Come Terrasanta.net ha già raccontato, sia la situazione politica in Israele sia la vicenda dello sciopero della fame dei prigionieri sono in pieno movimento: ci sarà modo di tornarci sopra a bocce ferme nei prossimi giorni. Mi preme invece segnalare qui due altre novità su un tema che ci sta sempre molto a cuore: quello della memoria non solo del male, ma anche dei Giusti tra le nazioni, cioè di quelle figure che – durante la Shoah – misero a repentaglio la propria vita per salvare quella di alcuni ebrei.

La prima notizia è che qualche giorno fa il Parlamento europeo ha approvato una mozione che istituisce la Giornata europea in memoria dei Giusti. D’ora in poi, dunque, ogni anno il 6 marzo l’Europa sarà chiamata a mettere al centro il ricordo di tutte le donne e gli uomini che con il loro coraggio (e a volte con il sacrificio della vita) si sono opposti al sopruso dei totalitarismi, di qualsiasi ideologia e colore politico. A proporre l’iniziativa è stata Gariwo, l’associazione internazionale promossa da Gabriele Nissim che a partire da Milano in questi anni ha costruito una rete importante sul tema dei Giusti, mettendo insieme tra loro contesti anche diversi come quelli delle tragedie della ex Jugoslavia o del Ruanda. La data proposta richiama comunque l’esperienza importante portata avanti dalla memoria ebraica in questo senso: il 6 marzo è infatti l’anniversario della morte di Moshé Bejski, l’ebreo salvato da Oskar Schindler che fu ideatore e per tanti anni presidente della Commissione dello Yad Vashem che a Gerusalemme assegna il titolo di Giusti tra le nazioni.

È interessante che questa campagna di Gariwo sia giunta in porto proprio in un momento in cui avvertiamo tutti l’estrema debolezza dell’Europa. In qualche modo questa nuova Giornata è anche una sfida a tornare a guardare alla nostra storia con occhi un po’ diversi. «Non si tratta di chiedere un’ennesima ripetizione delle giornate della memoria – ha spiegato bene Nissim, in una lettera appello rivolta agli eurodeputati alla vigilia del voto a Strasburgo -, ma di formulare un approccio completamente diverso nei confronti della storia europea. Ricordare per la prima volta nella comunità gli uomini che sono stati capaci di fare del bene nelle situazioni estreme significa valorizzare gli individui piccoli e grandi che con il loro coraggio sono stati il fondamento della costruzione morale dell’Europa. Chi ha salvato delle vite durante il nazismo, come chi ha lottato per la verità e la democrazia durante il totalitarismo sovietico, o chi ha cercato invano di prevenire e di denunciare i genocidi in Armenia ed in Ruanda, è stato il portatore dei valori più alti della nostra identità europea che esalta il rispetto della pluralità umana, il ruolo irriducibile dell’individuo e il significato profondo della responsabilità personale».

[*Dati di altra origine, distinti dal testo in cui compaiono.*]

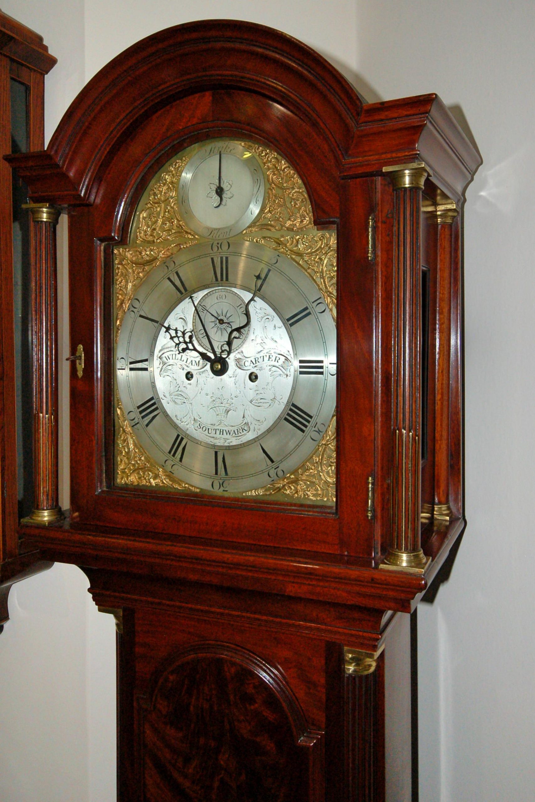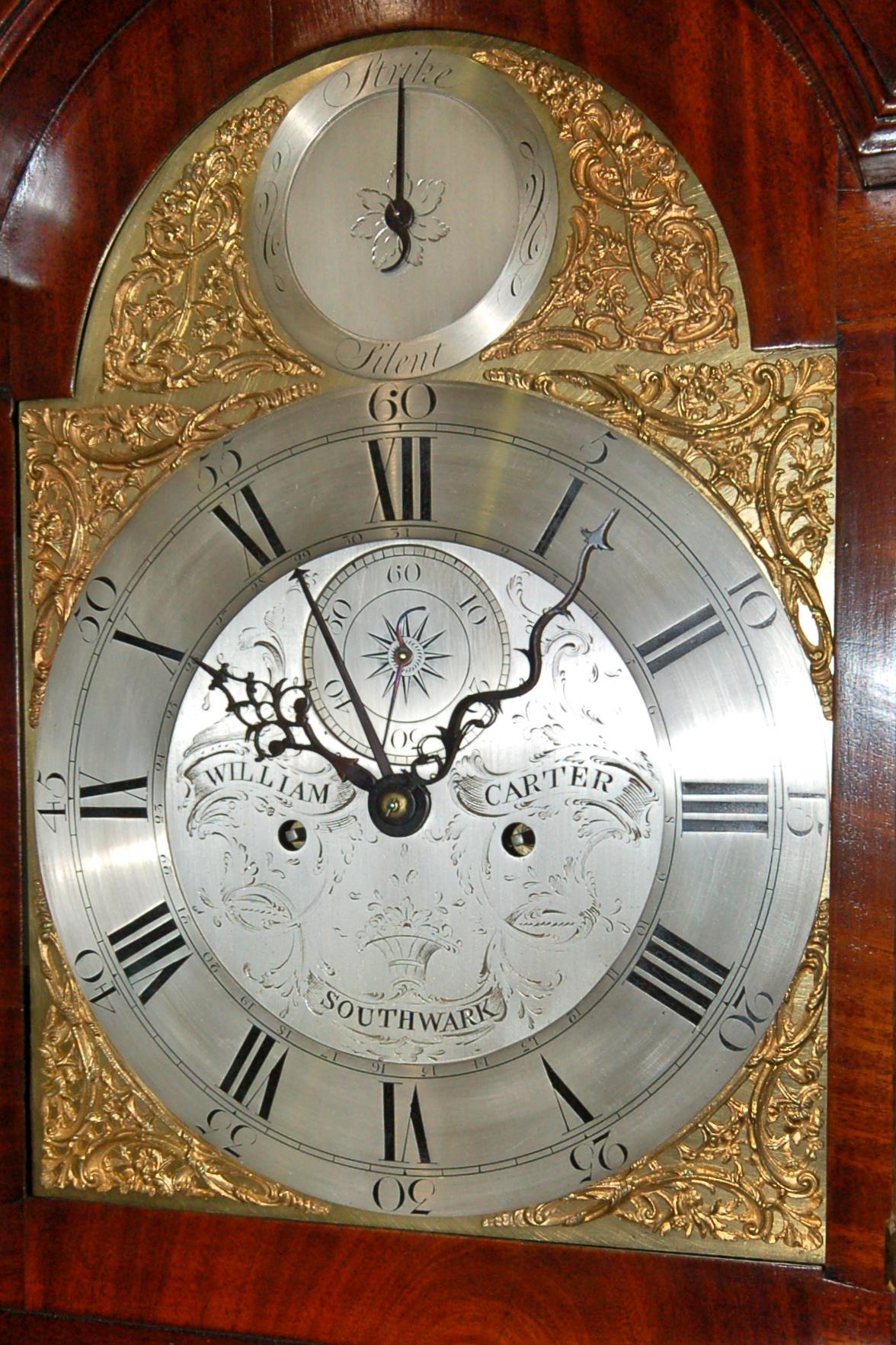 A superb 12 inch arched silvered and engraved chapter ring and spandrels clock by William Carter Southwark (London).

A queste parole mi sembra molto bello accostare una seconda notizia, arrivata proprio nelle stesse ore. Tra i decreti della Congregazione per le cause dei santi che il Papa ha approvato qualche giorno fa c’è infatti anche quello sul martirio di Odoardo Focherini, laico della diocesi di Carpi e padre di famiglia, che morì nel 1944 in un campo di concentramento nazista in Germania per essersi adoperato per salvare un centinaio di ebrei. Il decreto sul martirio apre la strada alla sua beatificazione, che avverrà nel giro di qualche mese. Dunque Focherini – che nel 1969 fu uno dei primi italiani a essere onorati ufficialmente dallo Yad Vashem – sarà il primo Giusto tra le nazioni italiano a essere anche proclamato beato dalla Chiesa cattolica. 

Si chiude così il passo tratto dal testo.